Anatoly sits behind his massive desk, sleeves rolled up to his elbows, revealing the tattoos I've traced with my fingertips countless times. He's on the phone, speaking rapid Russian, but when he sees me, he immediately stops mid-sentence. Those piercing blue eyes take me in, and I see his expression shift as he registers something in my face.

"I'll call you back," he says into the phone before hanging up.

For a moment, we just look at each other across the room. I'm still getting used to the way he sees me, really sees me. Not as a tool or a means to an end, but as his wife. As the mother of his child.

His gaze drops to the crumpled envelope in my hand, and one eyebrow arches slightly.

"Do you have a lighter?" I ask.

He doesn't ask me why I'm asking about it, just reaches into his desk drawer and pulls out a heavy silver lighter.

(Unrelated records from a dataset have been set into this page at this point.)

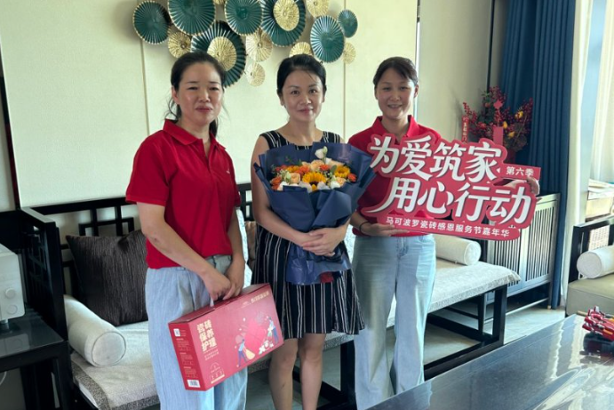 近日,蚌埠马可波罗瓷砖服务团队一行前往客户王女士家中,开展感恩服务节回访服务活动。作为品牌的“忠实粉丝”,王女士家中全屋均铺设了马可波罗瓷砖。
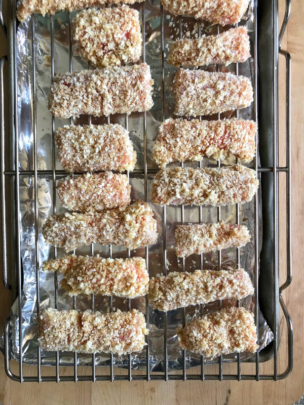 Line a rimmed baking sheet with aluminum foil. Spray a cooling rack with nonstick cooking spray and place on top of the baking sheet. Place the salmon sticks on top and then spray their tops lightly with nonstick spray. Bake at 425°F for 8 to 10 minutes until the coating is crispy and the fish is cooked through.
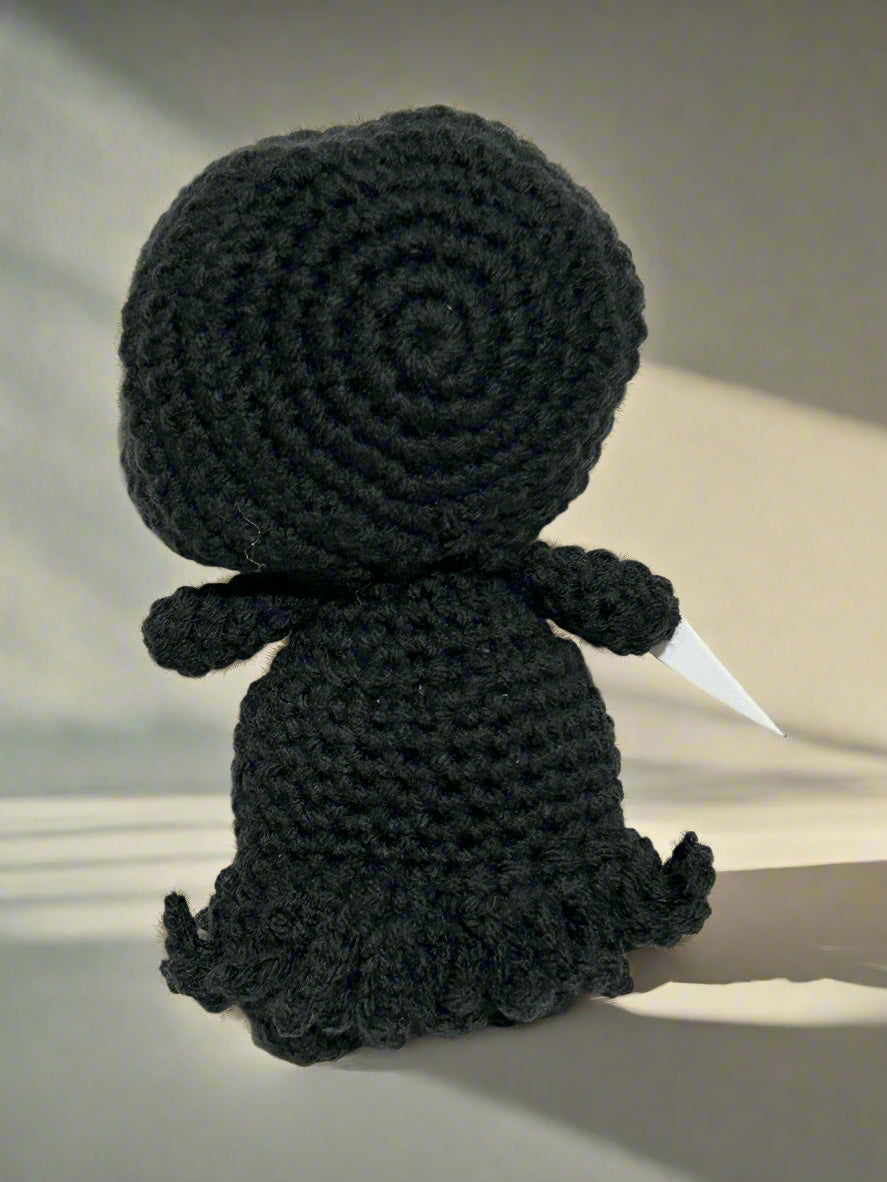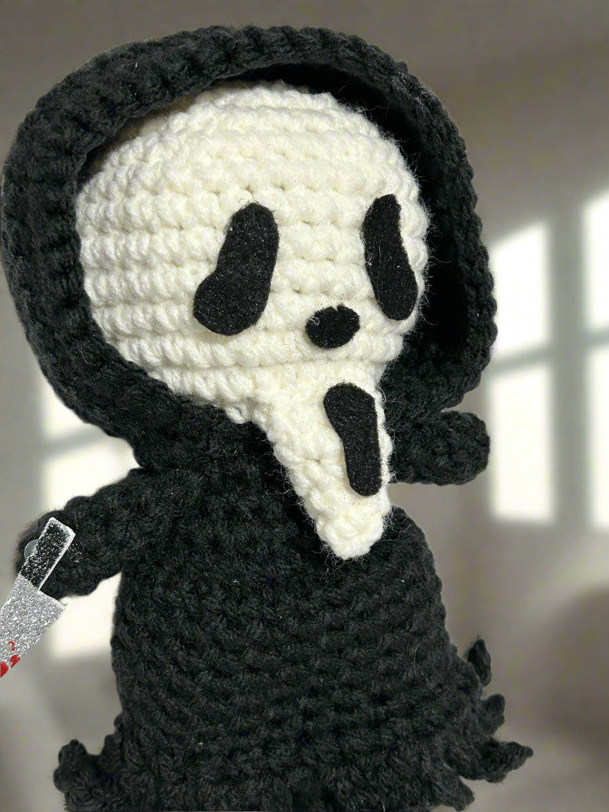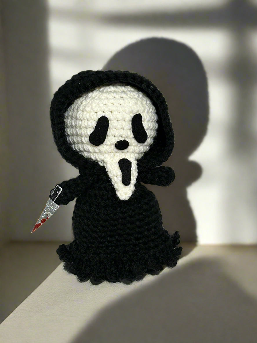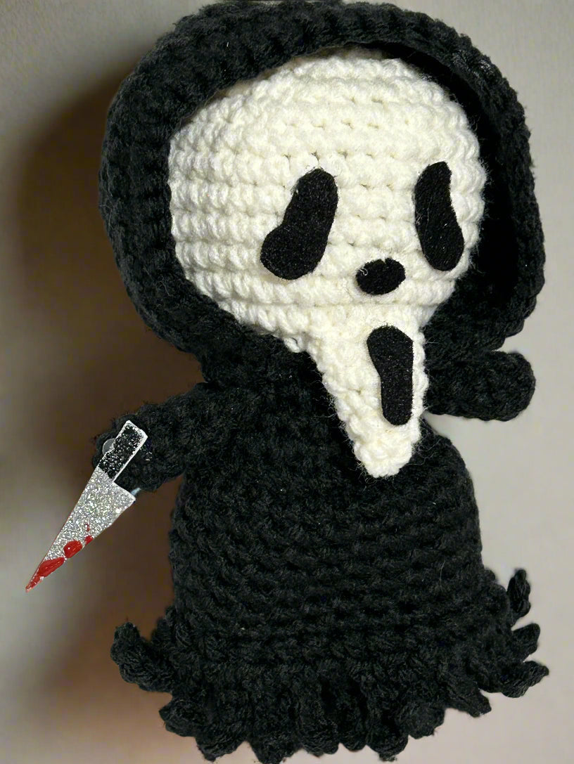 Meet the Screaming Snuggler, a delightfully creepy doll that blends cute charm with a spooky twist. Inspired by the iconic ghostface, this cuddly companion is perfect for those who love a little fright with their fun. Whether as a quirky gift or a playful addition to your collection, it’s sure to bring smiles—and maybe a few startled laughs! ((Measuring 8.5" tall, this little creeper is handmade, making each one very similar but not EXACTLY the same!)
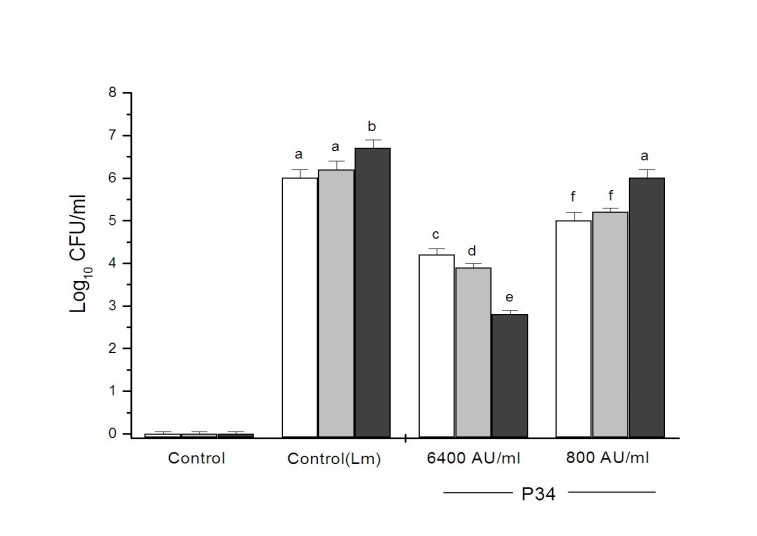 Fig. 1: Effect of peptide P34 on the growth of L. monocytogenes in Minas Frescal cheese. Cheese samples were treated with 10 mmol phosphate buffer pH 7.0 (control); inoculated with L. monocytogenes (control Lm), or treated with peptide P34 (6400 AU/ml or 800 AU/ml) and inoculated with L. monocytogenes. Samples were stored at 5 °C and analyzed at 0 (white bars), 96 (gray bars) and 168 h (black bars). Bars are the means±standard deviations of duplicates for two independent samples. Different letters indicate significant differences at p<0.05
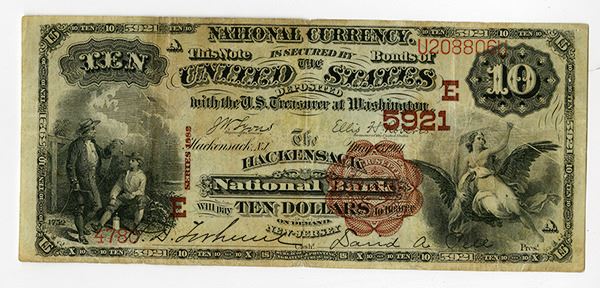 Hackensack, NJ. $10, S/N 4780 - U208806U, This bank was in existence for about 20 years. According to the census, there are 16 notes known on the bank. This note is only the second 1882 Brown Back note known, and the first $10 Brownback to surface. Choice Fine to VF with large even margins, bright colors and relatively firm paper with sharp corners. There are 3 small pin holes on the right border and 2 small pin holes on the left border. Rare and attractive note.
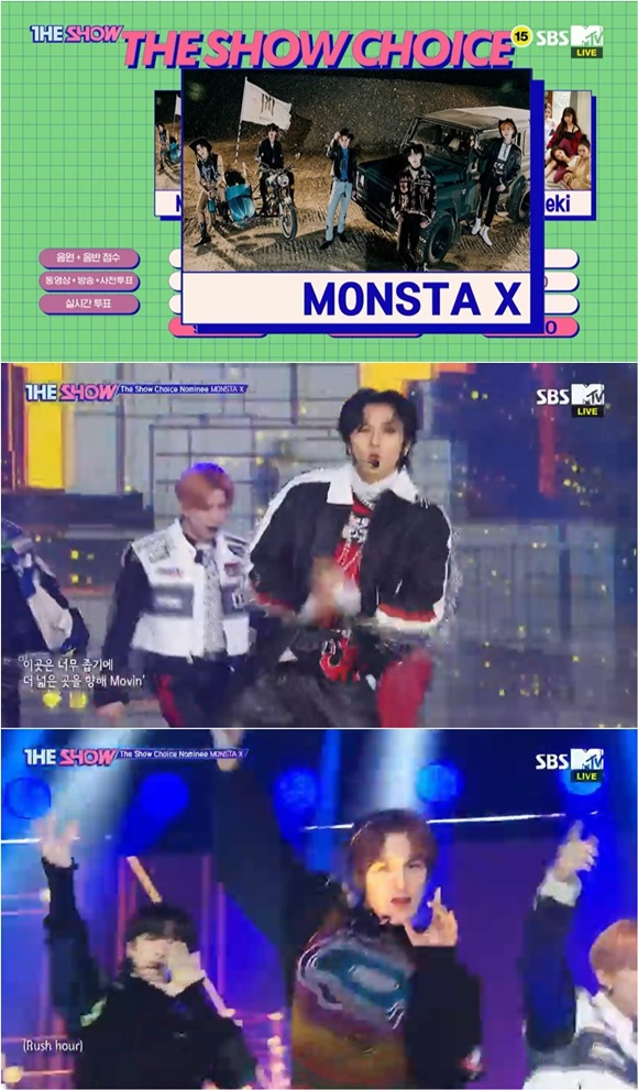 30일 오후 방송된 SBS MTV 음악프로그램 '더쇼'에서는 몬스타엑스가 'Rush Hour'로 1위를 차지했다.
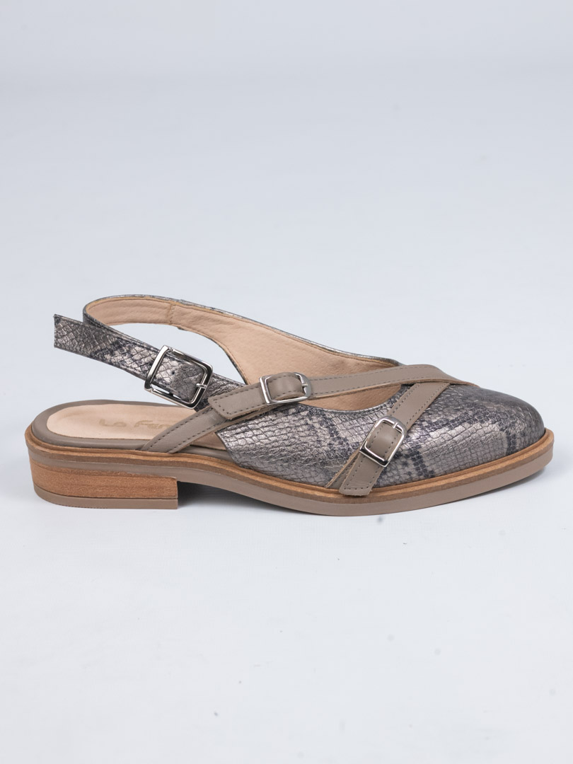 Elegancia urbana en cada paso: estas sandalias combinan cuero vacuno con terminación reptil y tiras cruzadas, ofreciendo un look sofisticado y actual que realza cualquier outfit.
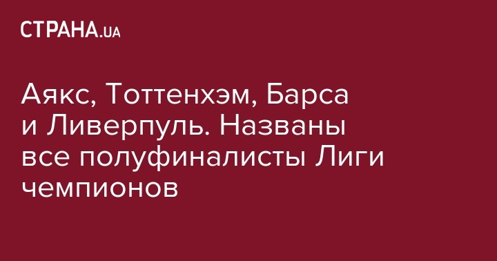 Аякс, Тоттенхэм, Барса и Ливерпуль. Названы все полуфиналисты Лиги чемпионов
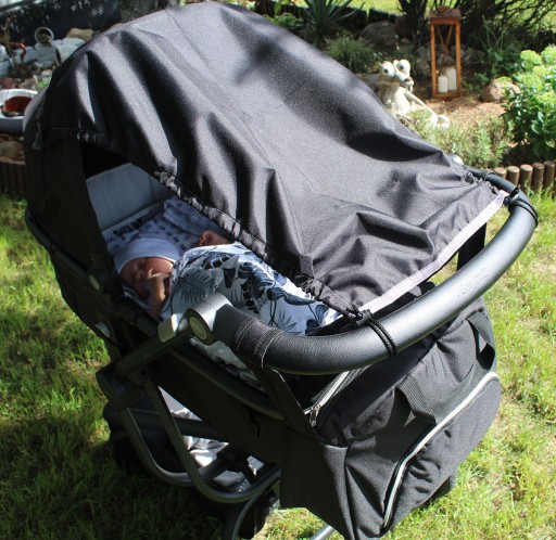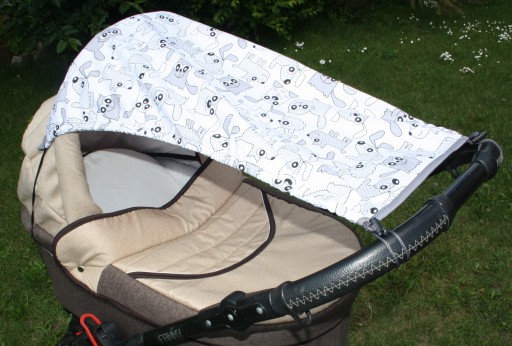 Дах кріпиться за допомогою гумової стрічки, пропущеної через капот. Спереду він прив'язаний двома зав'язками до ручки візка. Крім того, навіс можна регулювати за допомогою струни і стопорів.Залежно від кута падіння сонячних променів можна зрушити чохол вбік, регулюючи їх на мотузках і гумці.

I walk over andtake it from him, our fingers brushing in a way that still sends electricity through my skin.

I smooth out the letter on the edge of his desk, just enough so it will burn properly, and then walk to the nearby fireplace.

"What is that?" Anatoly asks as he stands next to me.

"A letter from Ryan Bennet," I say. "Telling me how much he loves me. How much he misses me."